HC Deb 10 January 1990 vol 164 cc935-7
11. Mr. Marlow

To ask the Secretary of State for Foreign and Commonwealth Affairs what is the United Kingdom's likely net contribution to the European Community budget in (a) 1989 and (b) 1990.

The Minister of State, Foreign and Commonwealth Office (Mr. Francis Maude)

The latest estimate of the United Kingdom's net contribution to the EC budget in 1989, published in the statement on the 1989 Community budget last April, was £1,966 million. An outturn figure for 1989 and an estimate for 1990 will be published in the statement on the 1990 Community budget.

Mr. Marlow

I did not catch the second figure that my hon. Friend gave, but if I got it right, I believe the first figure for the full year was about £2,000 million. That is a heck of a lot of bread, if I can put it like that. As we are net receivers of excess European manufactures and net importers of excess European agricultural produce, and despite the fact that our right hon. Friend the Prime Minister has done a magnificent job in getting some of our money back, is it reasonable that we should be spending £2,000 million a year of our taxpayers' money to subsidise those Europeans who seem to do nothing but insult us?

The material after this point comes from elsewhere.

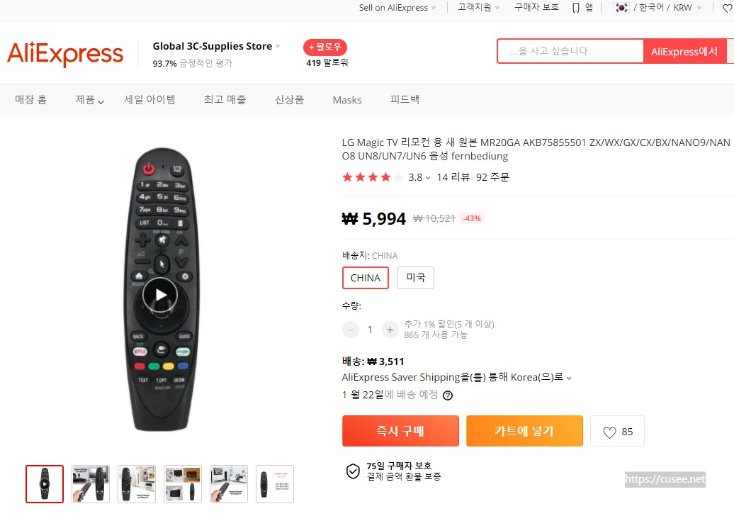 원화로 배송비 포함 1만 원 이하에 구입 가능했다. 다만, 배송은 12월 12일 주문 12월 31일에 일반 우편을 통해 받았다. 3주 만에 도착했다. 또한 이 제품은 마우스 포인트 기능과 음성인식 기능이 없는 단순 IR 리모컨이다.

Can we not take further action now to get more of our money back?

Mr. Maude

My hon. Friend may think that there are those in the Community who insult us, but my hon. Friend is well capable of holding up our end on this, and perhaps that is valuable. My hon. Friend drew attention to the advances made because of the deal negotiated by my right hon. Friend the Prime Minister. By the end of this year there will have been an abatement of about £7.5 billion since the Fontainebleau agreement in 1984. That is a considerable achievement, and it represents a substantial reduction in the net contribution. We are by no means the largest net contributor to the Community budget and, at this stage, there are two other contributors. We must maintain our vigilance, however, to ensure that the size of the Community budget does not rise unreasonably.

Mr. Leighton

Is it not the case that many EC countries pay nothing into the budget whereas Britain, one of the poorer nations, has to pay grotesquely large sums—something like £2 billion—to subsidise richer countries? Would the Minister care to imagine what we could do with that £2 billion in the National Health Service? Even after all the rebates, when will the Government take steps to stop us acting as Lady Bountiful with British taxpayers' money?

Mr. Maude

Such criticism comes ill from the hon. Gentleman, as it was negotiation by the previous Labour Government which led to the net contribution by the United Kingdom. Only the firm stance taken by this Government in the earlier part of last decade led to that appalling legacy of incompetence being substantially reduced.

Mrs. Currie

The European Community is set to change considerably if associate status is offered to the newly democratic countries of eastern Europe. Does my hon. Friend agree that many of these are poor countries and will need a great deal of help? Has any thought yet been given to the effect on the United Kingdom's likely net contribution during the 1990s as Europe is widened to include the newly democratic countries?

Mr. Maude

No one is suggesting that in the early part of the 1990s there is any question of the European Community being enlarged to accommodate reforming countries from eastern Europe. Co-operation agreements are being negotiated with other countries. Earlier this afternoon the House heard about some of the financial contributions that are very properly being made by the European Community to eastern European countries. I assure my hon. Friend that this country's net contribution should not increase, and because the Community's budget has remained substantially within the ceilings negotiated at the Brussels Council in 1988, the net contribution should be reduced in subsequent years.

Mr. Anderson

As democratic centralism and purges end in central and eastern Europe, is there not a danger of the same democratic centralism and purges being reasserted in the Conservative party? Has the Minister noted the recent article by the right hon. Member for Chingford (Mr. Tebbit) suggesting that if Tory Members of the European Parliament do not toe the Prime Minister's little England line on the Community and the Community budget, they may have to leave the party? Does he approve of that view?

Mr. Maude

The hon. Gentleman tries hard, but to little effect. His words come a little oddly just after one of his hon. Friends expressed an ultimately little Englander view. He tries hard but he does not cut any ice. In the Conservative party we have a firm view about the sort of Europe that we want to develop—an open, liberal European Community based on co-operation between friendly states. That will remain the case.

Mr. Gow

Does my hon. Friend consider that an annual net contribution to the Community of £2 billion is too much, too little or about right? Is it not true that if the vaulting ambitions of the supra-nationalists had been restricted and the Community had devoted itself only to the free movement of people, goods and capital in the member states, this massive contribution would have been dramatically reduced?

Mr. Maude

Undoubtedly one of the principal causes of the large Community budget which has led to the United Kingdom's net contribution has been the common agricultural policy, and that is well understood. When my right hon. Friend the Prime Minister was carrying out the negotiations which led to such a substantial and dramatic reduction in our contribution, plenty of Opposition Members were prepared to decry her efforts. I am glad that she stuck firmly to her purpose and succeeded so well.